Collected material
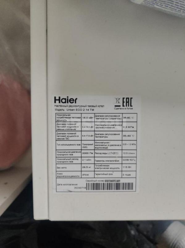 Продам газовый котел Haier, практически новый, проработал всего 3 месяца.
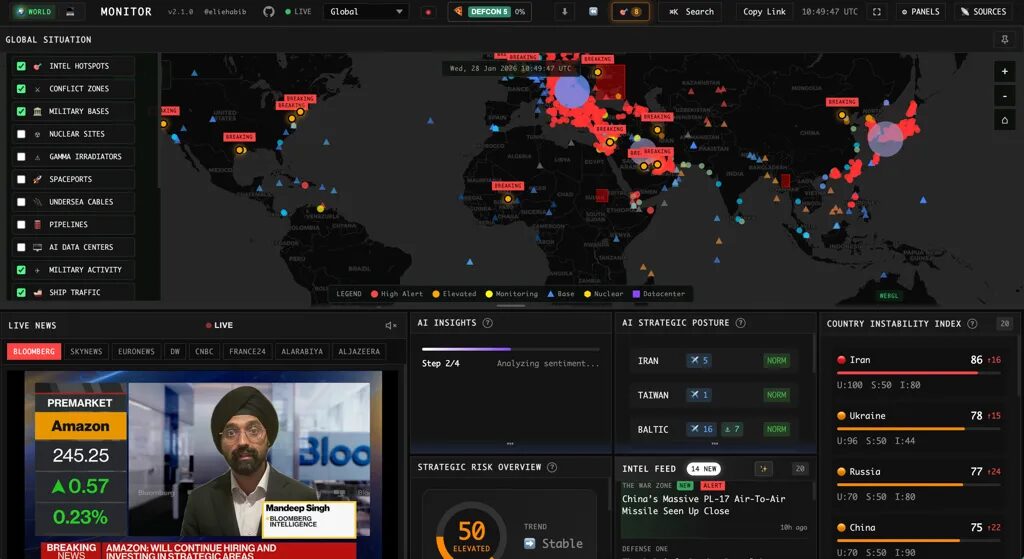 World Monitorは、世界中のニュース、地政学的な動き、災害情報、インフラ状況などを一つの画面(ダッシュボード)に集約した、完全無料のオープンソース「地球規模状況認識ツール」です。
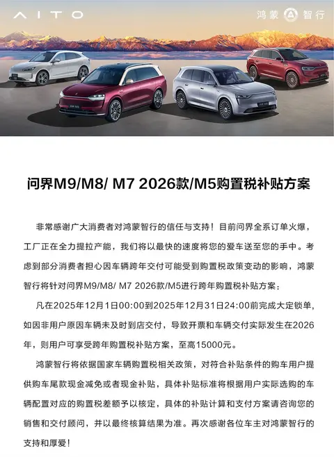电车之家获悉,问界汽车旗下问界M5、2026款问界M7、问界M8以及问界M9推出了跨年购置税补贴政策,用户在2025年12月31日24时前完成大定锁单,且因非用户原因车辆未及时到店交付,导致开票和车辆交付实际发生在2026年,则可享受至高15000元的补贴金额。
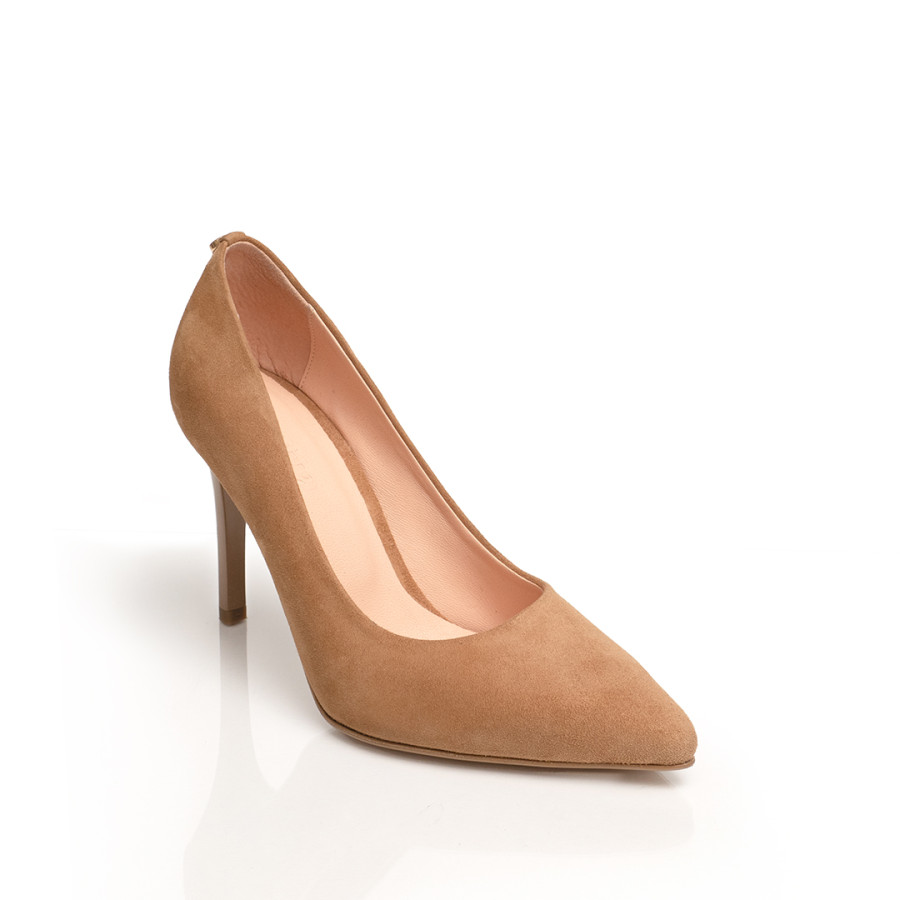 Pantof realizat din piele intoarsa de culoare maro deschis.

Instructions to follow
Please set the data above down exactly, with the pictures removed.

Reply to the exercise
 Продам газовый котел Haier, практически новый, проработал всего 3 месяца.
 World Monitorは、世界中のニュース、地政学的な動き、災害情報、インフラ状況などを一つの画面(ダッシュボード)に集約した、完全無料のオープンソース「地球規模状況認識ツール」です。
电车之家获悉,问界汽车旗下问界M5、2026款问界M7、问界M8以及问界M9推出了跨年购置税补贴政策,用户在2025年12月31日24时前完成大定锁单,且因非用户原因车辆未及时到店交付,导致开票和车辆交付实际发生在2026年,则可享受至高15000元的补贴金额。
 Pantof realizat din piele intoarsa de culoare maro deschis.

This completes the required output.